Reverse-proxy mode (--upstream)
Pin every request to a single upstream URL. Useful when you can't easily set proxy env vars (curl in a one-liner, browser dev tools, etc.) or when iterating on a policy for one specific API.
checkrd dev --upstream https://api.openai.com
# All requests to localhost:8080/* forward to api.openai.com/*
curl http://localhost:8080/v1/chat/completions ...Hot reload
By default, checkrd dev watches checkrd.yaml and reloads the engine on save. The reload is debounced 250 ms (text editors often write multiple times in quick succession) and is atomic — the previous policy stays in effect if the new one fails to compile.
# In one terminal
checkrd dev
# ✓ checkrd dev listening on http://127.0.0.1:8080
# In another, edit checkrd.yaml and save
# ✓ policy reloaded from checkrd.yaml
# A typo will keep the previous policy in effect:
# ✗ policy reload failed: could not parse checkrd.yaml as policy YAML: ...
# (keeping previous policy in effect)To disable for a one-shot debug session:
checkrd dev --watch=falseFlags reference
| Flag | Default | What |
|---|---|---|
--port | 8080 | Listen port |
--addr | 127.0.0.1 | Bind address. Use 0.0.0.0 to expose to your LAN (testing from a phone or container) — never in production |
--policy | ./checkrd.yaml | Policy YAML path |
--upstream | (none) | Pin all requests to this upstream (reverse-proxy mode) |
--watch | true | Hot-reload the policy on save |
Decision log format
Each request prints one line to stderr:
allow POST https://api.openai.com/v1/chat/completions [allow-openai]
deny GET https://api.anthropic.com/v1/messages [default] default deny — no rule matchedColumns: verdict, method, URL, [matched-rule], reason (deny only). Color when stderr is a TTY. Suppressed when piping (you'll get plain text into your log shipper).

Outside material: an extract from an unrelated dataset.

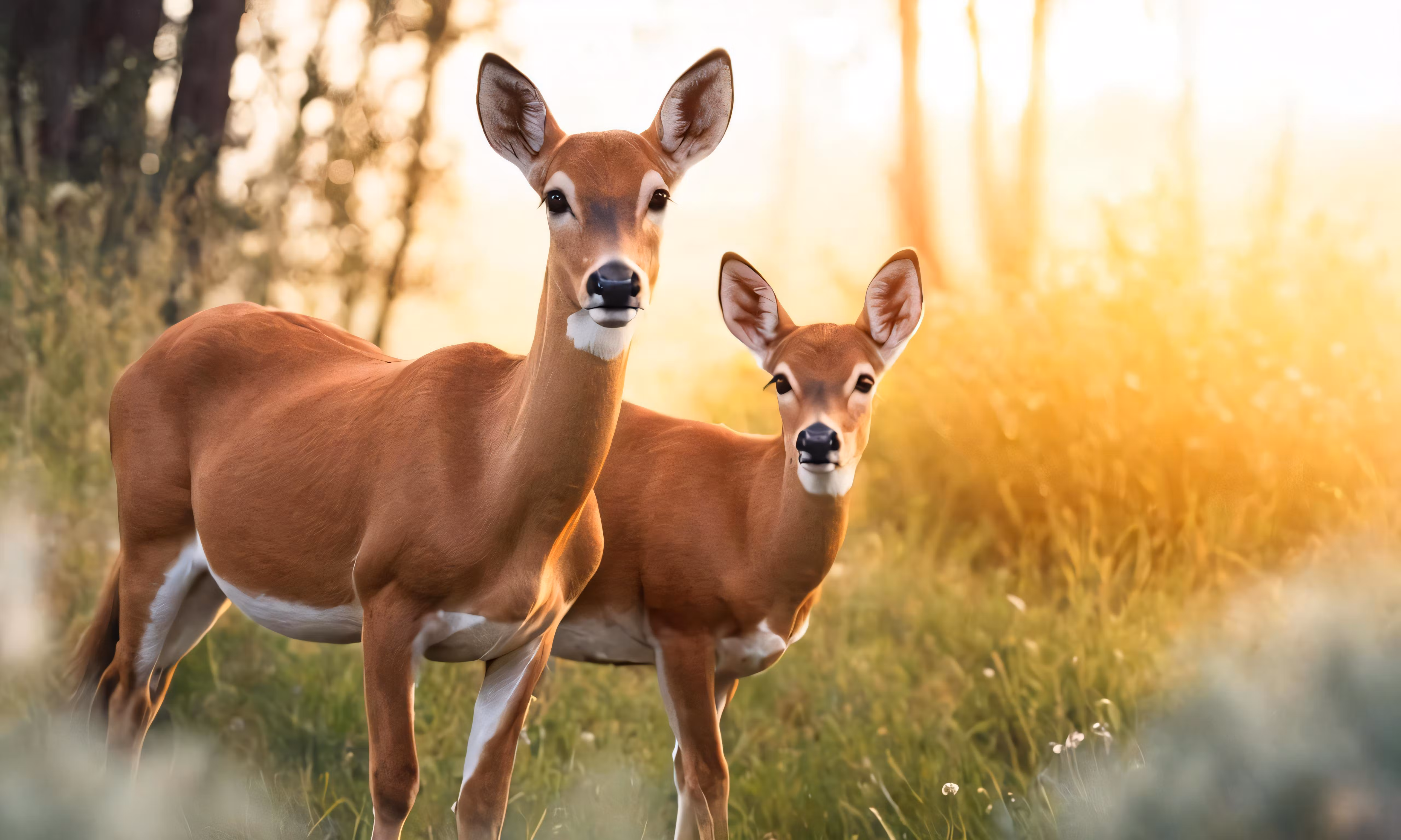 High resolution picture, free to use, two deer standing next to each other on a lush green field

This is intentionally human-format — pipe stdout (which carries the upstream's response) wherever you'd normally pipe traffic. Structured-log emission to stderr is a v0.2 feature; if you need that today, run checkrd dev under caddy run --watch or similar.
Scope (v0.1 vs roadmap)
This is the focused MVP — the boring parts that work everywhere. Not yet shipped, deferred deliberately:
- HTTPS termination with auto-generated cert (rcgen). Today, set
HTTPS_PROXYand let your agent's TLS happen end-to-end through the proxy. - TUI request feed (split-pane ratatui live view).
--mockfor canned upstream responses (offline demos).--inspectopening a websocket + DevTools-style decision viewer.--persist-to <dir>SQLite log of every decision for replay analysis.

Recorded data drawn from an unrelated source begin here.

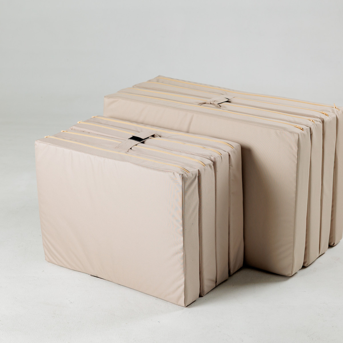 Матраци Flexio складаються в кілька разів і важать трохи більше 3 кг, тож їх легко зберігати й переносити. У шафу, на балкон, у багажник — вони помістяться всюди. А ще їх можна взяти із собою в подорож або просто перенести з кімнати в кімнату — навіть дитина впорається!
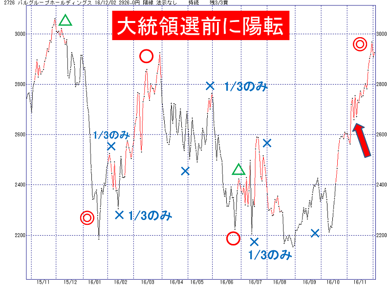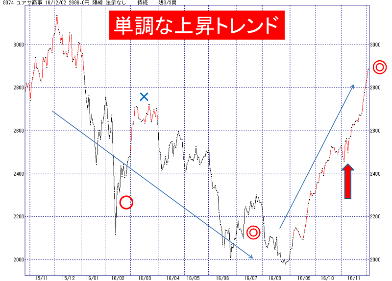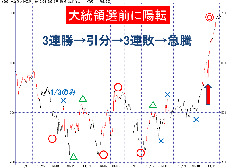 さて、この銘柄も「大統領選を境にあらゆる銘柄が上がったわけではない」という説明を裏付ける動きで、目先は10月12日の安値から上昇がスタートしています。そして、10月20日に陽転、そのまま上伸して上げの波に乗っています。
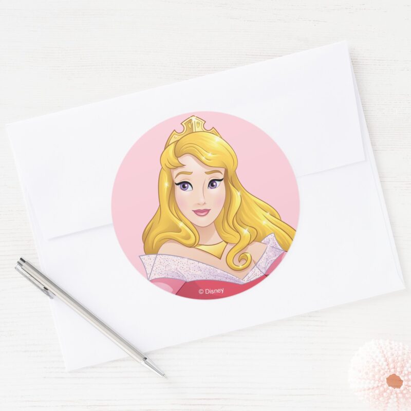 Sleeping Beauty Princesses Rule Classic Round Sticker vinyl sticker, waterproof durable collectible sticker for laptop, phone, bottle, bike, notebook, helmet, and accessories.
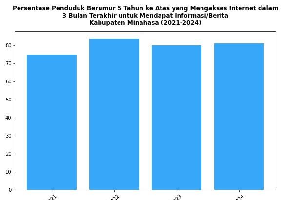 Perkembangan Persentase Penduduk Berumur 5 Tahun ke Atas yang Mengakses Internet di Kabupaten Minahasa Tahun 2021-2024

Wrangler shipped its first dev mode without any of these too. We'll add them as customers ask.
Why not Docker?
Wrangler, Vercel dev, and Fly proxy all pair with a runtime stack that's hard to ship as a single binary. checkrd dev is one statically-linked Rust binary that embeds the policy engine — no Docker, no Postgres, no Redis, no service mesh. This is the durable advantage over the bigger SaaS-CLI dev modes: you brew install once and you're done.
When to use it vs. the SDK
Use checkrd dev when:
- Authoring a new policy and iterating on YAML.
- Debugging why a specific request is denied (log line shows the matched rule).
- Demoing the product to someone without setting up a real agent.
Use the SDK in your agent code when:
- Running for real.
- Capturing telemetry into the control plane.
- Exercising the kill switch / live policy reload from the dashboard.
The two share the same engine — dev is a wrapper that exposes it as an HTTP service.